Claudeclaw add-image-vision

Add image vision to ClaudeClaw agents. Resizes and processes WhatsApp image attachments, then sends them to Claude as multimodal content blocks.

install
source · Clone the upstream repo
git clone https://github.com/sbusso/claudeclaw
Claude Code · Install into ~/.claude/skills/
T=$(mktemp -d) && git clone --depth=1 https://github.com/sbusso/claudeclaw "$T" && mkdir -p ~/.claude/skills && cp -r "$T/skills/add-image-vision" ~/.claude/skills/sbusso-claudeclaw-add-image-vision && rm -rf "$T"
manifest: skills/add-image-vision/SKILL.md
source content

Image Vision Skill

Adds the ability for ClaudeClaw agents to see and understand images sent via WhatsApp. Images are downloaded, resized with sharp, saved to the group workspace, and passed to the agent as base64-encoded multimodal content blocks.

Phase 1: Pre-flight

  1. Check if
    src/image.ts
    exists — skip to Phase 3 if already applied
  2. Confirm
    sharp
    is installable (native bindings require build tools)

Prerequisite: WhatsApp must be installed first (

skill/whatsapp
merged). This skill modifies WhatsApp channel files.

Phase 2: Apply Code Changes

Ensure WhatsApp fork remote

git remote -v

If

whatsapp
is missing, add it:

git remote add whatsapp https://github.com/qwibitai/claudeclaw-whatsapp.git

Merge the skill branch

git fetch whatsapp skill/image-vision
git merge whatsapp/skill/image-vision || {
  git checkout --theirs package-lock.json
  git add package-lock.json
  git merge --continue
}

This merges in:

  • src/image.ts
    (image download, resize via sharp, base64 encoding)
  • src/image.test.ts
    (8 unit tests)
  • Image attachment handling in
    src/channels/whatsapp.ts
  • Image passing to agent in
    src/index.ts
    and
    src/orchestrator/container-runner.ts
  • Image content block support in
    agent/runner/src/index.ts
  • sharp
    npm dependency in
    package.json

If the merge reports conflicts, resolve them by reading the conflicted files and understanding the intent of both sides.

Validate code changes

npm install
npm run build
npx vitest run src/image.test.ts

All tests must pass and build must be clean before proceeding.

Phase 3: Configure

  1. Rebuild the container (agent-runner changes need a rebuild):

    ./src/runtimes/docker/build.sh
    
  2. Sync agent-runner source to group caches:

    for dir in data/sessions/*/agent-runner-src/; do
      cp agent/runner/src/*.ts "$dir"
    done
    

Service name: Derived from the directory name:

com.claudeclaw.<dirname>
(macOS) /
claudeclaw-<dirname>
(Linux).

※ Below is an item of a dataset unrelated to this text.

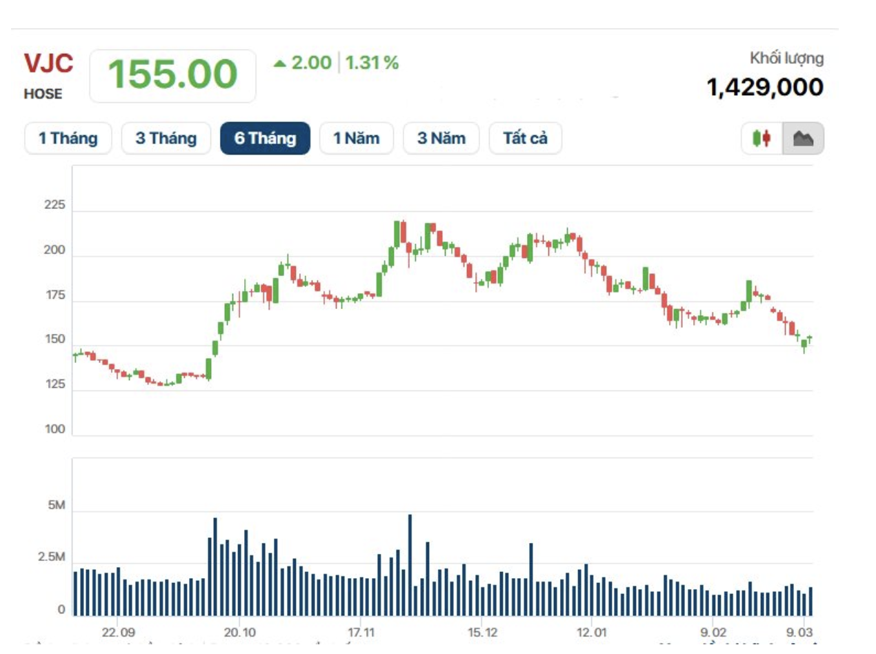 Chốt phiên giao dịch ngày 10/03/2026, cổ phiếu VJC đóng cửa ở mức 155.000 đồng/cổ phiếu với khối lượng giao dịch đạt 1.429.000 đơn vị. Tạm tính theo mức giá thị trường này, con trai Chủ tịch Vietjet sẽ cần chi khoảng 310 tỷ đồng để hoàn tất mua vào lượng cổ phiếu đã đăng ký.
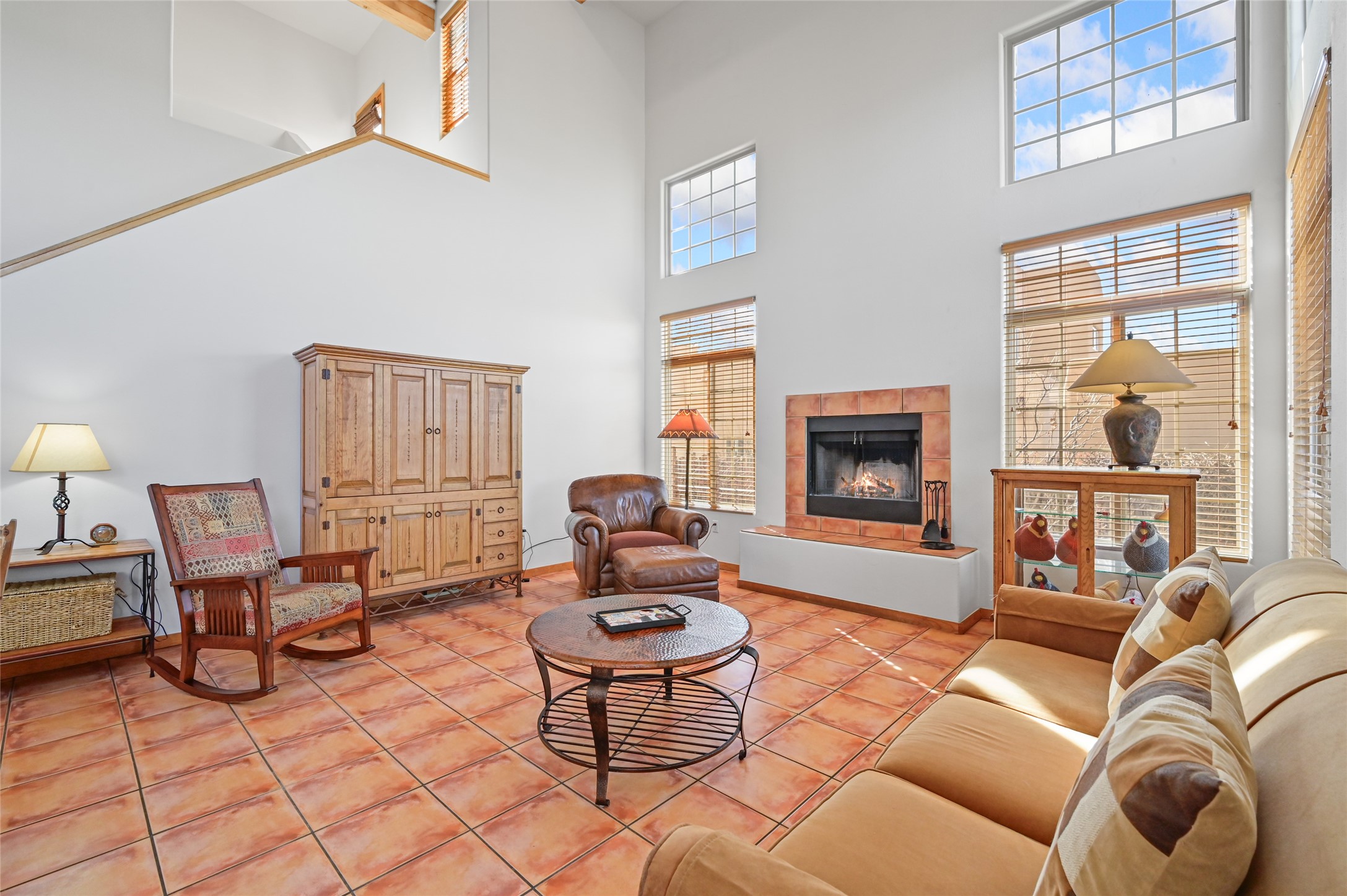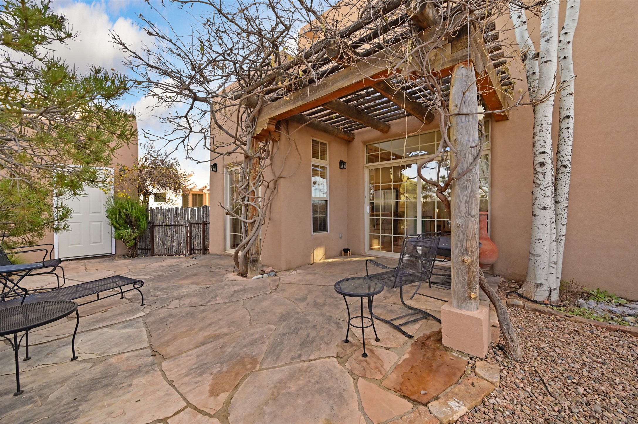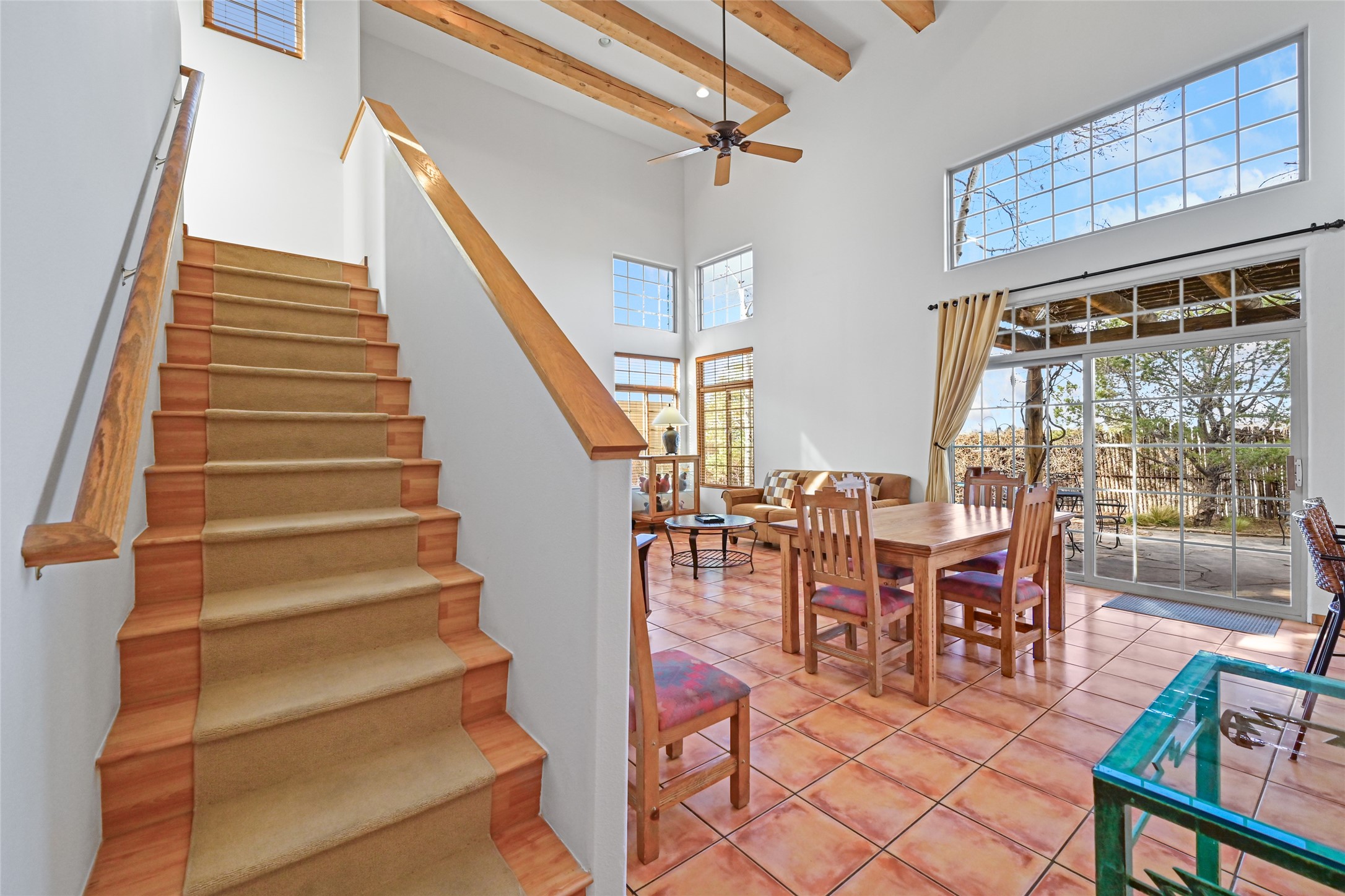 There is a comfy cozy feeling with this home. The gathering areas of the living room, dining room, kitchen and breakfast nook all flow nicely together. yet the Cathedral beamed ceilings add a feeling of elegance. Views from the two second story decks are situated to take advantage of both of Santa Fe's beautiful mountain ranges, as well as sunsets and sunrises. The club house community of Nava Ade offers an outdoor pool and hot tub (seasonal) along with locker rooms, sauna, work out room and community room. The trail system is part of the Chamisa and Las Soleras Trails which is great for walkers, runners, bikers or anyone just wanting to get out

For example, if cwd is
my-assistant
, the service is
com.claudeclaw.my-assistant
. Determine the correct service name before running service commands below.

  1. Restart the service:
    launchctl kickstart -k gui/$(id -u)/com.claudeclaw
    

Phase 4: Verify

  1. Send an image in a registered WhatsApp group
  2. Check the agent responds with understanding of the image content
  3. Check logs for "Processed image attachment":
    tail -50 groups/*/logs/container-*.log
    

Troubleshooting

  • "Image - download failed": Check WhatsApp connection stability. The download may timeout on slow connections.
  • "Image - processing failed": Sharp may not be installed correctly. Run
    npm ls sharp
    to verify.
  • Agent doesn't mention image content: Check container logs for "Loaded image" messages. If missing, ensure agent-runner source was synced to group caches.